An exact reproduction is required of the lines from the beginning of the entries through the line with "살아서 단 한 점의 그림을", pictures excluded and nothing added.

*** Opening SUPPLIED DATA ***

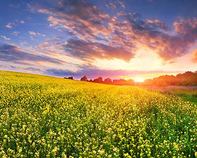 Фотопанно для дизайна вашей комнаты, пейзаж природы, закат над полем с цветами. Интерьерная печать обоев и фресок с цифровых копий высокого разрешения. варианты печати обоев. Цена указана за метр квадратный.
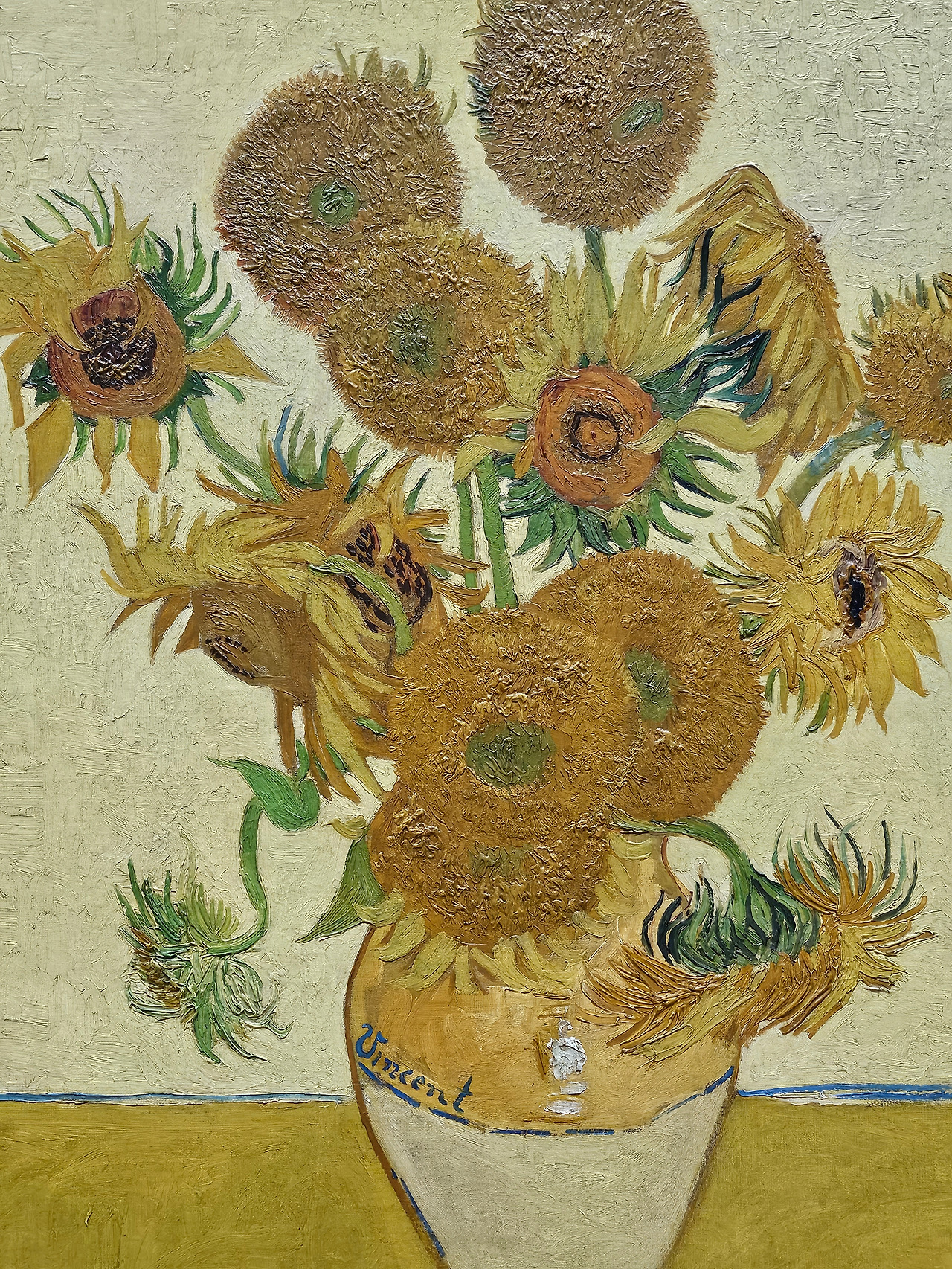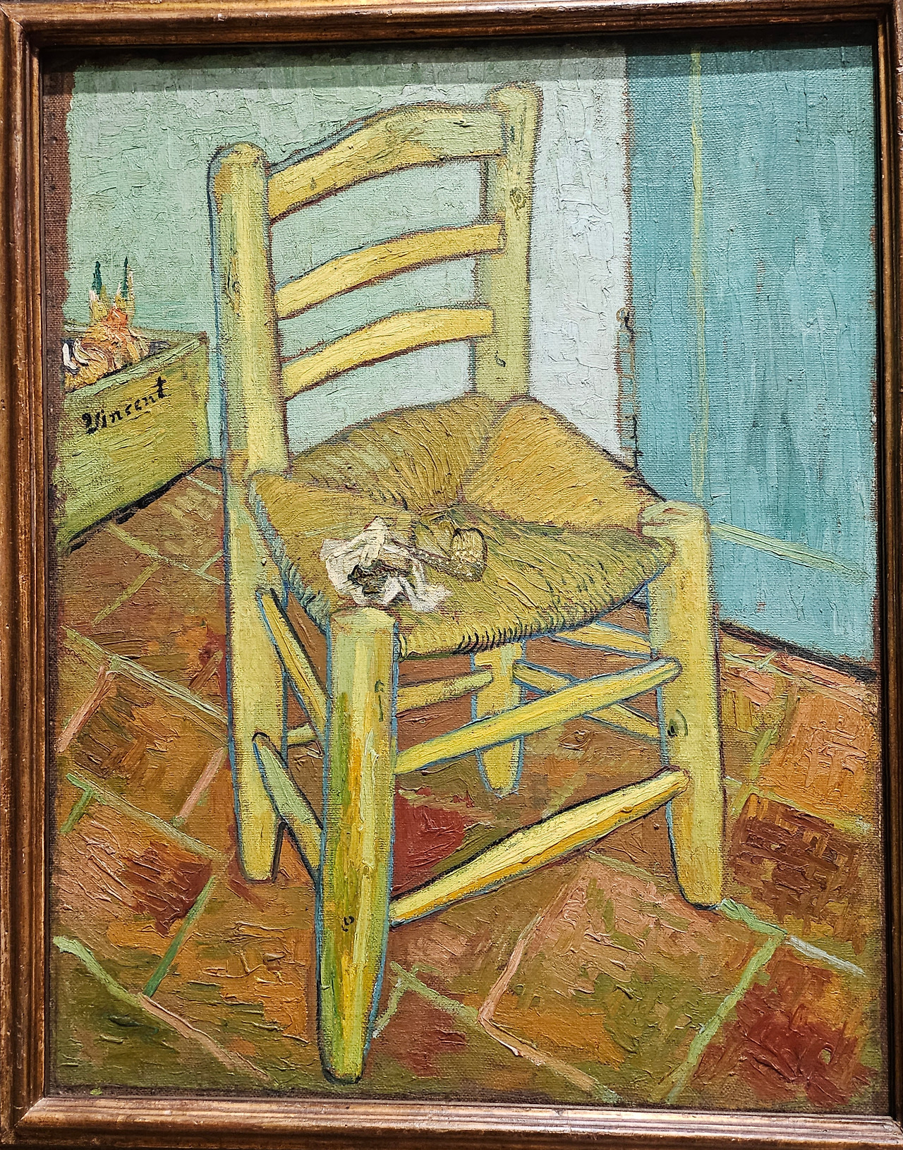 살아서 단 한 점의 그림을 팔았을 뿐 인정받지 못하고 외롭게 살았던 반 고흐의 '해바라기'와 '빈센트의 의자' 앞에 사람들이 가득하다. 고흐의 그림 맞은편에 쇠라의 멋진 그림 '아스니에르에서의 물놀이'가 있지만 사람들은 반 고흐의 그림을 조금이라도 가까이에서 보고 사진을 남기느라 분주하다. 조금 멀리서 고흐의 해바라기를 보고 있다. 태양을 사랑했던 고흐는 아를의 노란 집에서 고갱과 함께 그림을 그릴 수 있다는 희망으로 해바라기를 그린다. 해바라기 연작 중에서 가장 유명하고 아름다운 그림. 두꺼운 물감으로 희망과 행복을 담았을 고흐를 상상해 본다. 그러나 오래지 않아 희망이 절망으로 바뀌고 고갱이 떠난 후에 그린 고흐의 그림 '빈센트의 의자'는 그의 고독을 나타낸다. 빈 의자 위에 그를 상징하는 파이프가 있다.
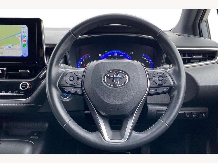 7" Multi information display screen, Bluetooth telephone connectivity, Connected car functionality upgrade, tracker, remote status and e-care, Dynamic radar cruise control (with RSA) including switch on steering wheel, E-call, Electrically assisted power steering, EV drive indicator, Intelligent park assist, Lane Departure Alert (LDA) switch on steering wheel, Memory on adjustable speed limiter, Push button start, Reversing camera, Smartphone integration with Apple CarPlay and Android auto, Gasoline particulate filter, Vehicle Stability Control (VSC), 6 speakers, 8" Touchscreen with MM19 Multimedia system and voice recognition, AM/FM radio, DAB Digital radio, Toyota touch 2 with go navigation system, USB and Aux in connectors + 12V front outlet, USB charging port in centre storage box, Aluminium roof rails, Anti-jam protection on power windows, Auto up and down function on all power windows, Automatic headlights with high beam assist, Black metallic surround on lower front grille, Black toyota logo in front, Body colour rear spoiler, Body coloured bumpers, Body coloured door mirrors, Body coloured outside door handles, Follow me home headlights, LED daytime running lights, LED front fog lights, LED Headlights, LED High mounted stop light, Manual day/night rear view mirror, Noise reduction layer on front windows, Power adjustable heated door mirrors, Power front windows, Power rear windows, Rain sensor, Rear side wing doors, Rear window defogger, Rear window wiper, Shark fin antenna, Time adjustment on intermittent wiper, Turning signal integrated indicators in door mirrors, Unique lower skirt, Unique side rocker with black insert, UV-filter on driver and passenger windows, 12v power outlet - luggage side, 3 rear headrests, 3 seat bench in 2nd row, 3 spoke leather steering wheel + gear knob, 60/40 split folding rear seat, Adjustable speed limiter switch on steering wheel, Audio, multimedia and telephone switches on steering wheel, Boot light, Boot underfloor storage, Clean air filter, Driver and front passenger personal light, Driver and passenger assist grip, Driver and passenger sun visor with mirror and light, Dual sided deck board in boot, Dual zone automatic air conditioning with ECO mode switch, Fabric armrests, Front and rear cup and bottle holders, Front and rear door pockets, Front head restraints, Front passenger seat, Heated driver and front passenger seats, Illuminated entry system in room lamp, ISOFIX seat fixing (2 fixings on rear outer seats), Leather gear shift with satin chrome on gear shift console, Manual height adjustable for driver and front passenger seat, Passenger seat back pocket, Pollen filter, Power adjustable lumbar support on driver seat, Power window switches with satin chrome inserts, Quilted fabric upholstery with grey stitches seats, Rear armrest with 2 cupholders, Rear passenger air vents, Rear passenger coat hooks (2), Rear passenger personal lights, Retractable tonneau cover with luggage partition net, Satin chrome inside door handles, Shopping bag hooks in luggage compartment, Side storage in boot, Sliding armrest on centre console box, Slow opening glovebox with lights, Tilt/telescopic steering column, Tonneau cover with under floor storage, Voice recognition switch on steering wheel, Whiplash Injury Lessening (WIL) feature (active headrest) for seats, Parking pack - Corolla, Toyota safety sense 2 pack - Corolla, 3x3 point rear seatbelts, Adjustable driver and front passenger seat belt extender to top anchor point, Anti lock braking system + Electronic brake force distribution, Brake assist function, Child locks on rear doors, Downhill Assist Control (DAC), Electronic parking brake, Emergency brake light signal (EBS), Front passenger airbag on/off switch, Front seatbelt reminder, HAC - Hill start assist control, Rear seat belt reminder, Seatbelt pretensioners and force limiters, Supplemental restraint system (SRS) 7 airbags - dual driver, dual side curtain, side impact and driver knee airbags, Traction control, Tyre pressure warning system, Acoustic vehicle alert system (AVAS), Alarm with motion sensor and immobilizer, Remote central locking + deadlocks, Smart entry, Satin chrome dash trim, Soft touch texture on upper dashboard, Stitching on lower dashboard, Space saver spare wheel, Unique wheel finish with red wheel cap,
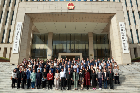 会后,与会专家共赴中国-东盟自由贸易区南宁国际商事法庭,调研涉东盟法律实践基地现场建设及中国-东盟法治实践情况,并参观考察了宁铁中院诉讼服务中心,重点了解了其组织架构及工作特色。
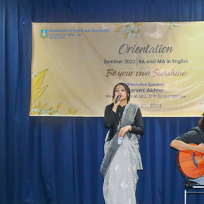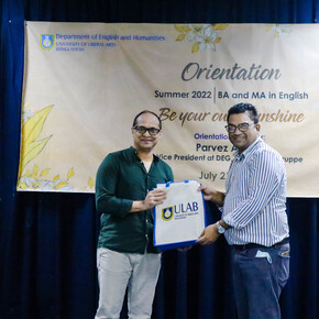 The Orientation Program of the Summer 2022 academic session of the Department of English and Humanities (DEH) was held on July 21, 2022, marking the new beginning for the students of BA and MA in English Programs. The Orientation theme this time was “Be Your Own Sunshine.” The event was held in the ULAB Research Building auditorium and offered the freshers an introduction to the faculty members and the department.

*** Closing SUPPLIED DATA ***

**ANSWER SPACE**
 Фотопанно для дизайна вашей комнаты, пейзаж природы, закат над полем с цветами. Интерьерная печать обоев и фресок с цифровых копий высокого разрешения. варианты печати обоев. Цена указана за метр квадратный.
 살아서 단 한 점의 그림을 팔았을 뿐 인정받지 못하고 외롭게 살았던 반 고흐의 '해바라기'와 '빈센트의 의자' 앞에 사람들이 가득하다. 고흐의 그림 맞은편에 쇠라의 멋진 그림 '아스니에르에서의 물놀이'가 있지만 사람들은 반 고흐의 그림을 조금이라도 가까이에서 보고 사진을 남기느라 분주하다. 조금 멀리서 고흐의 해바라기를 보고 있다. 태양을 사랑했던 고흐는 아를의 노란 집에서 고갱과 함께 그림을 그릴 수 있다는 희망으로 해바라기를 그린다. 해바라기 연작 중에서 가장 유명하고 아름다운 그림. 두꺼운 물감으로 희망과 행복을 담았을 고흐를 상상해 본다. 그러나 오래지 않아 희망이 절망으로 바뀌고 고갱이 떠난 후에 그린 고흐의 그림 '빈센트의 의자'는 그의 고독을 나타낸다. 빈 의자 위에 그를 상징하는 파이프가 있다.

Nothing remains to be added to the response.